Claimant wins Upper Tribunal appeal over tenancy agreement and housing benefit
The London Borough of Sutton has lost a case in the Upper Tribunal over whether a tenancy arrangement was a sham to increase housing benefit.
‘MP’ appealed against a decision of the First-Tier Tribunal (FTT) that she was not entitled to housing benefit from 1 December 2018 because she was not liable to make payments for her accommodation and that £1,104.09 paid for 1 December 2018 to 28 February 2019 was recoverable.
In MP v Sutton London Borough Council (HB) [2021] UKUT 193 (AAC) Mark Rowland, deputy judge of the Upper Tribunal, said that he substituted a decision that MP was entitled to housing benefit from 1 December 2018 for an indefinite period, calculated on the basis that her maximum rent under the Local Housing Allowance was at the ‘one bedroom self-contained’ rate. This also meant there had not been any overpayment.
MP moved to her home as the subtenant of another woman, who rented the whole house for £1,350 per month.
Under a tenancy agreement MP, who wanted her disabled daughter to be able to stay, was to occupy two bedrooms and have shared use of the rest of the house for £850 per month.
She claimed under the Housing Benefit (Persons who have attained the qualifying age for state pension credit) Regulations 2006 and was awarded £84.93 per week.
Judge Rowland said this was “rather less than she, the tenant and the landlord had been expecting".
They therefore entered new agreements whereby MP rented the whole house for £1,350 per month and then sublet one bedroom to the former tenant, with shared use of other rooms at a rent of £500 per month which the now-subtenant paid direct to the landlord
Following a new claim for housing benefit Sutton decided neither the claimant’s original subtenancy nor her subsequent tenancy were on a commercial basis and so, under regulation 9(1)(a) of the 2006 Regulations, she was liable to make the payments.
It further decided that the three monthly payments already made were recoverable.
MP argued that the FTT erred in the new tenancy agreement was created to take advantage of the housing benefit scheme.
The FTT also failed to address whether the revised tenancy agreements would have resulted in an increase of benefit because, if not, the arrangement would not amount to a contrivance, she said.

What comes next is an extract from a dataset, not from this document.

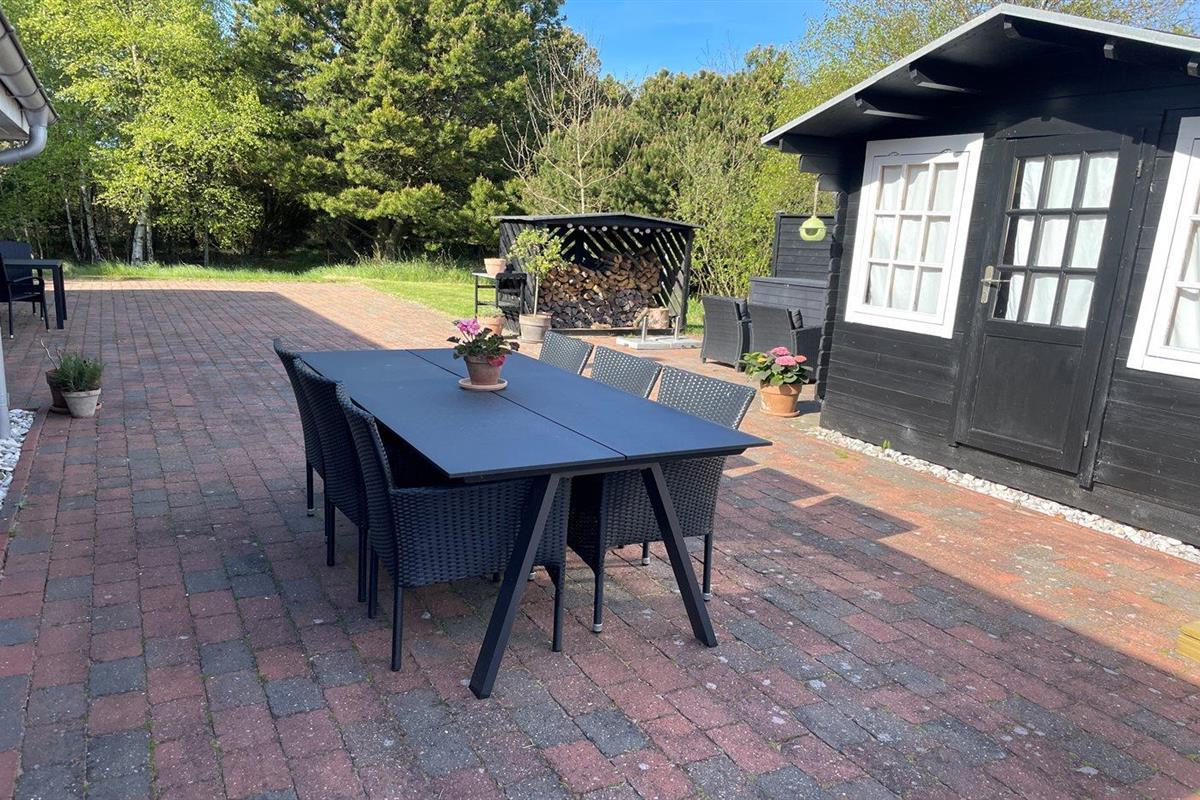 De vakantiewoning is gelegen op een 1000 m² groot aangelegde tuin. Afstand tot de zee 100 m. Dichtstbijzijnde winkel 8000 m. Er is een golfbaan op een afstand van 9100 m. Bij de vakantiewoning hoort terras. Daarnaast is er een overdekt terras. Barbecue. Het huis heeft een stopcontact voor het opladen van een elektrische auto. Parkeerplaats bij het huis.

Sutton argued the second tenancy agreement was intended to increase the amount of housing benefit payable without either increasing MP’s accommodation or altering the portions of the overall rent she and the other woman were contractually required to pay.
Judge Rowland said: “Quite why she thought that that might lead to an increase in her entitlement to housing benefit I am not sure. The First-Tier Tribunal accepted that she was acting in the light of advice given to her niece by the local authority but clearly thought that she and her niece might have misunderstood the advice.
“In any event, the intention behind the new tenancy agreement was plainly to ‘take improper advantage’ of the housing benefit scheme through a legal device that conferred no other immediate benefit on anyone and so I am satisfied that, for the reasons given in both the decision notice and the statement of reasons, the First-Tier Tribunal did not err in finding that regulation 9(1)(l) was potentially engaged.”
But the judge accepted regulation 9(1)(l) should be read as applying only where a liability is created that could, but for the regulation itself, give an advantage under the housing benefit scheme.
He explained: “The point of the provision is to prevent a person from obtaining an improper advantage, rather than to prevent him or her from obtaining benefit to which he or she would have been entitled whether or not the particular liability in issue had been created.”
The judge said it was possible there had been an intention to gain an ‘improper advantage’ without evidence of dishonesty.
He concluded: “I am satisfied that the First-Tier Tribunal erred in law because it did not consider whether, on its findings of fact, the new tenancy agreement had in fact conferred an improper advantage on the claimant.
“Had the First-Tier Tribunal done so, it would have realised that the claimant’s housing benefit should have been calculated on the basis of the one bedroom self-contained accommodation rate from 1 December 2018 when it was first awarded and, as the correctness of that first award was in issue before it, it should have awarded housing benefit on that basis for an indefinite period from that date.
"This is because it would also have found that the new tenancy agreement was not capable of conferring any advantage on the claimant under the housing benefit scheme and accordingly would have found that regulation 9(1)(l) did not apply to her from 20 February 2019 or at all.”